The first trailer and sizzle-reel from director Ralph Ziman, who took over for the late David R. Ellis, has hit the web. The movie is based on creator Yasuomi Umetsu’s 1998 two-episode OVA series A-Kite.

My opinion:
The footage does look like it’s attempting to exhibit some degree of visual style. But ostensibly the most immediately impactful element of Kite was its intense, frenetic, virtually superhuman action. Anime Sawa was robotically efficient. Even in the bathroom scene when plans went to crap (no pun intended), the movement was crisp and fast. In the live action footage, she hesitates, as if giving some sort of dramatic weight to everything. Before the kick to the face. Before pulling the trigger. Before stabbing the bodyguard with knitting needles. Before axe kicking the second bodyguard. The extensive parkour in the trailer feels like a weak attempt to make up for the lack of kinetic action coming from the protagonist. Furthermore, Kite had an omnipresent sexuality.

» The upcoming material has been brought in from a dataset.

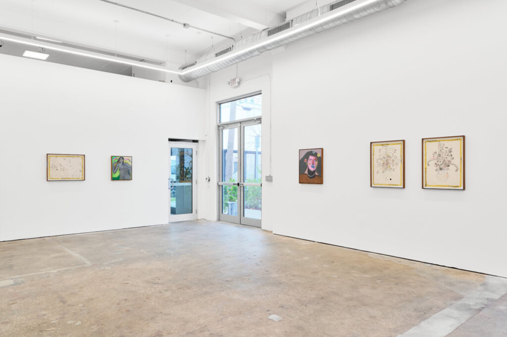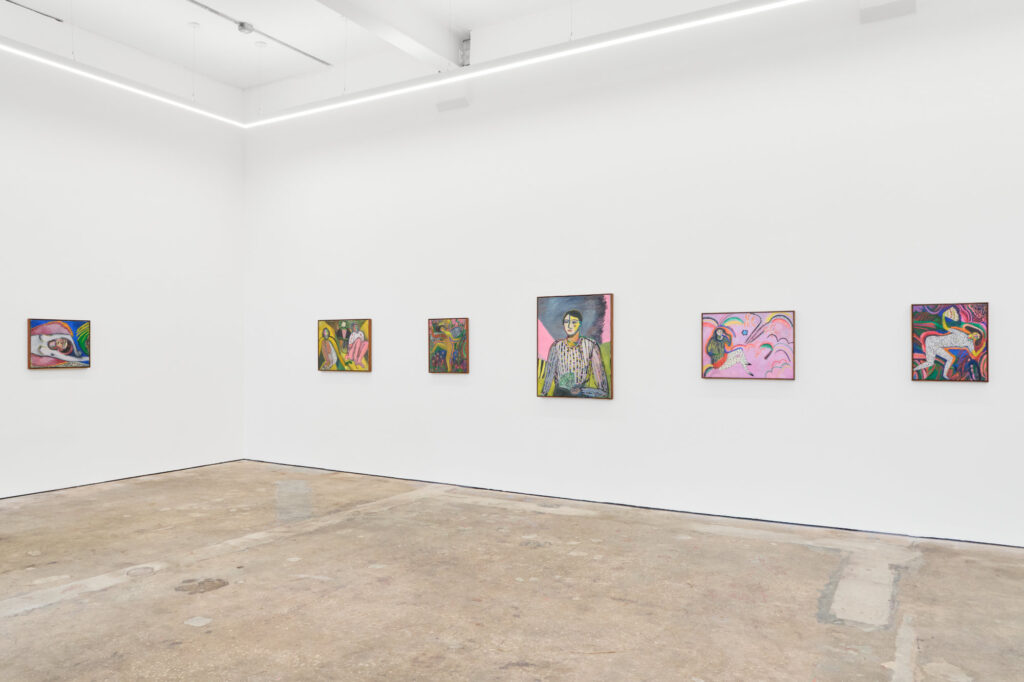 In El Gran Somriure de la Dona Gris, the viewer’s attention is immediately drawn to the central gray, almost sculptural, female figure. Small rosy circles accentuate her cheeks, while a constellation of star shapes traces her collarbone, resembling jewelry. Her expression exemplifies a quality central to Subidé’s portraiture: knowing, slightly amused, neither fully accessible nor entirely withheld. The highlighter-green outline defining her torso introduces a graphic tension, suggesting the figure could dissolve into pure color at any moment. Subidé avoids psychological resolution, instead presenting a figure who smiles yet retains her secrets.

This live action footage dresses Sawa provocatively, begins to depict sex in the elevator, and has Sawa partially strip before sprawling helplessly onto a bed. And none of it feels even remotely sexually dangerous, sensual, or erotic when it absolutely could have had the director(s) wanted to emphasize the sleaze aspect of Kite, which is a theme that’s tremendously important in the original anime. It’s the exploitation that makes Sawa fragile and sympathetic. So removing that from the live-action eliminates an important emotion from the film. The trailer makes me think of Hanna and remember how that film and superior actress Saoirse Ronan got the confused, mechanical teen assassin so right in comparison to the footage in this Kite preview that feels so lifeless and compromised. The full film may end up surprising me, but what I see and feel from this advance footage is strictly mediocre pablum; not terrible enough to inspire venomous ridicule nor good enough to inspire excited anticipation. I can easily envision this becoming the next sibling to the very forgettable 2009 Blood: The Last Vampire live-action movie.